=== Supplied material ===
+===+

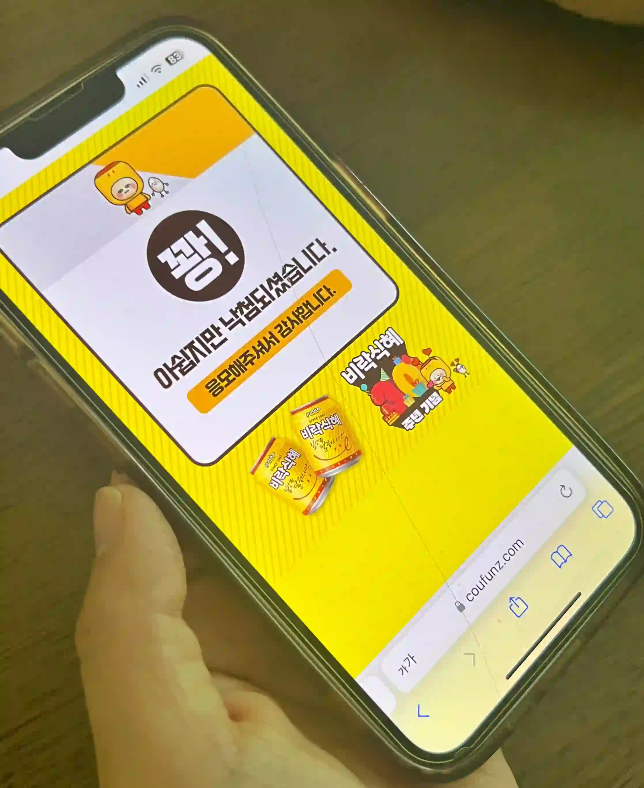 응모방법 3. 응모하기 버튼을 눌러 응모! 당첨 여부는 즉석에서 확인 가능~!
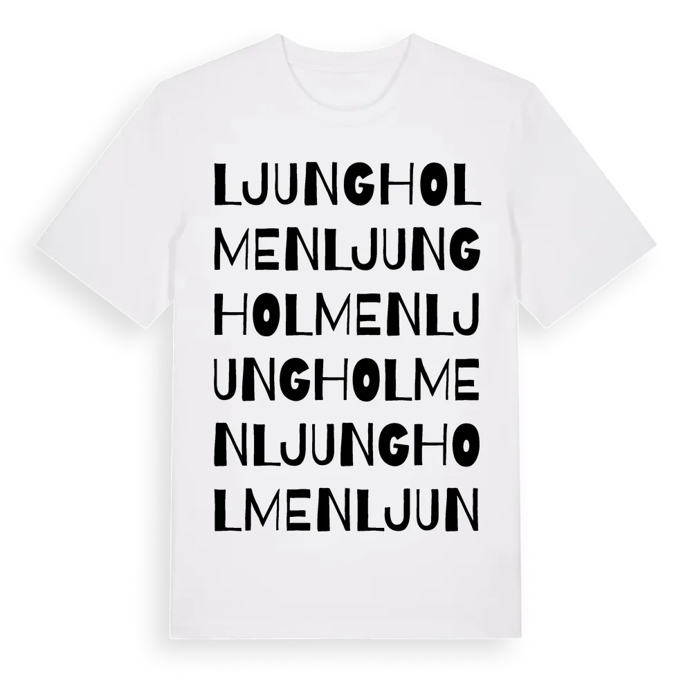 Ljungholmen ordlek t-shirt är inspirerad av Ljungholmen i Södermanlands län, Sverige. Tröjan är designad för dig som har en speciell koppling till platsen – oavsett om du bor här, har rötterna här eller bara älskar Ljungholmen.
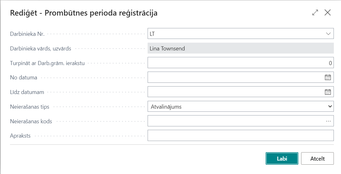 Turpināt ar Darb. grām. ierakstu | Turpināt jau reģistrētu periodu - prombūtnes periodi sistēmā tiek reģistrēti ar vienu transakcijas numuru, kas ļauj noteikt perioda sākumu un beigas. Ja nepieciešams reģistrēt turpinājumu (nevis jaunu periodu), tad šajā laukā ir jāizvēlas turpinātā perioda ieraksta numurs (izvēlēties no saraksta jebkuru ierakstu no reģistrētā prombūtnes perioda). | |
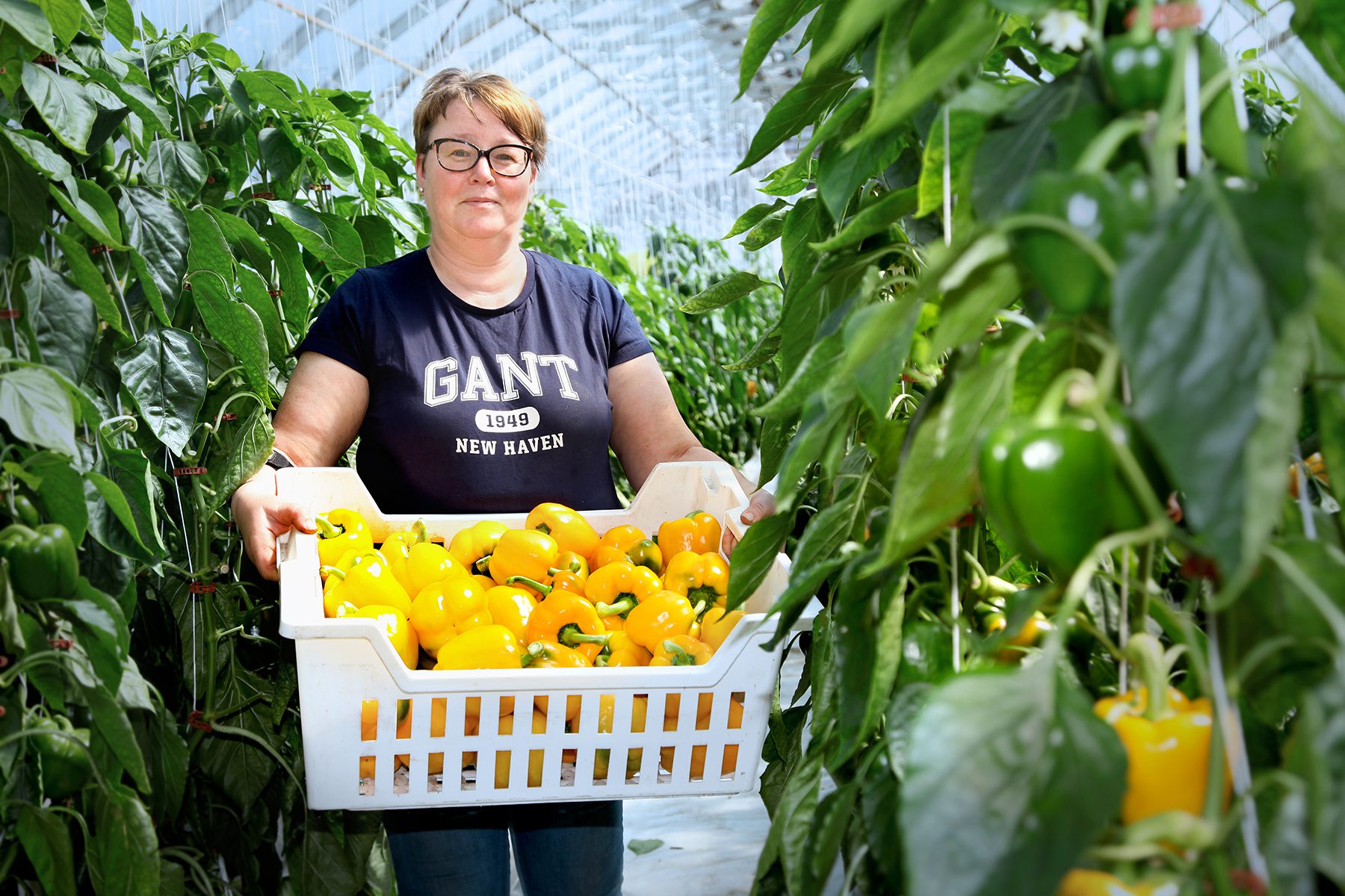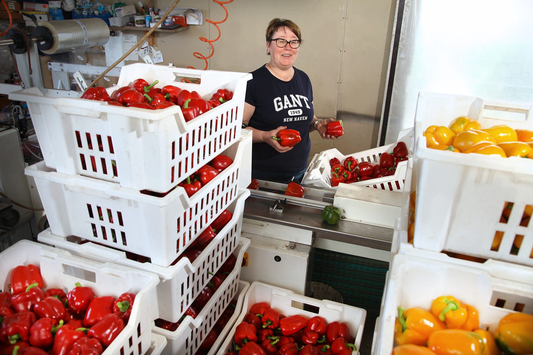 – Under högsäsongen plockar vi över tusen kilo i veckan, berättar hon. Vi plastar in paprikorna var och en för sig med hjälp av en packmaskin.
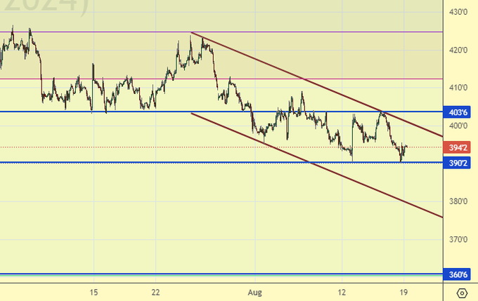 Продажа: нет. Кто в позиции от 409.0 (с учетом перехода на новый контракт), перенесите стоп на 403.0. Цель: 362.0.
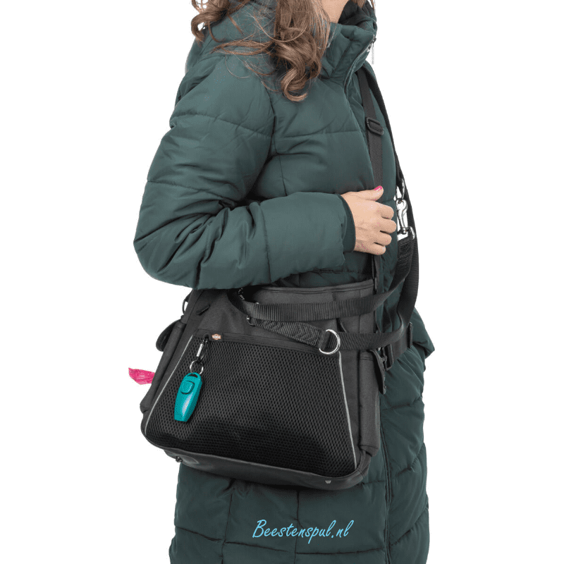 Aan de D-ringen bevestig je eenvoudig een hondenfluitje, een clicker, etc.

+===+

=== Your goal ===
Pictures are to be left out; otherwise, retype exactly the lines from the first line of the data through the line containing "Ljungholmen ordlek t-shirt".

=== Task response ===
 응모방법 3. 응모하기 버튼을 눌러 응모! 당첨 여부는 즉석에서 확인 가능~!
 Ljungholmen ordlek t-shirt är inspirerad av Ljungholmen i Södermanlands län, Sverige. Tröjan är designad för dig som har en speciell koppling till platsen – oavsett om du bor här, har rötterna här eller bara älskar Ljungholmen.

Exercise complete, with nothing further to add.